Segregation of solute atoms (Y, Nb, Ta, Mo and W) in ZrB2 grain boundaries and their effects on grain boundary strengths: A first-principles investigation

Abstract

ZrB2 based ultra-high temperature ceramics (UHTCs) exhibit a unique combination of excellent properties that makes them promising candidates for applications in extreme environments. Evaluating the correlation between microscopic defects and macroscopic performance of these materials is crucial for the design of UHTCs. The present work deals with a first-principles investigation on segregations of solute atoms (Y, Nb, Ta, Mo and W) in ZrB2 grain boundaries and their influences on grain boundary strengths. Opposite segregation tendency between Y and Nb, Ta, Mo or W is obtained, where Y prefers sites with long M-B bonds, while Nb, Ta, Mo or W prefers sites with short M-B bonds.
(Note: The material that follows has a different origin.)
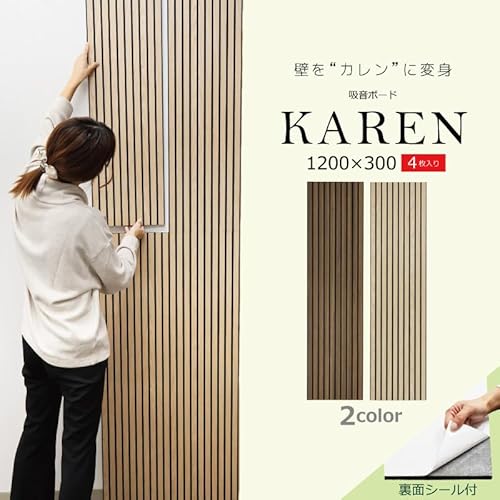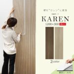 寛廉 KAREN 吸音ボードは、ベージュ色のリブボードで、サイズ1200mm×300mmの4枚がセットで1.44㎡をカバー。防音効果があり、アクセントウォールとしても使用可能。おしゃれなホテルライクな空間作りに最適なDIY壁材です。

The short equilibrium M-B (M = Nb, Ta, Mo or W) bonds induce local contractions around grain boundaries, which in turn strengthens grain boundaries remarkably, thereby enhances the mechanical properties of ZrB2 at evaluated temperatures. In contrast, segregation of Y poisons grain boundaries due to local expansions induced by long Y-B bonds, which will deteriorate the performance of ZrB2 based UHTCs. The results provide useful guidelines for the design of ZrB2 based UHTCs, since grain boundaries play a key role in determining high temperature mechanical properties.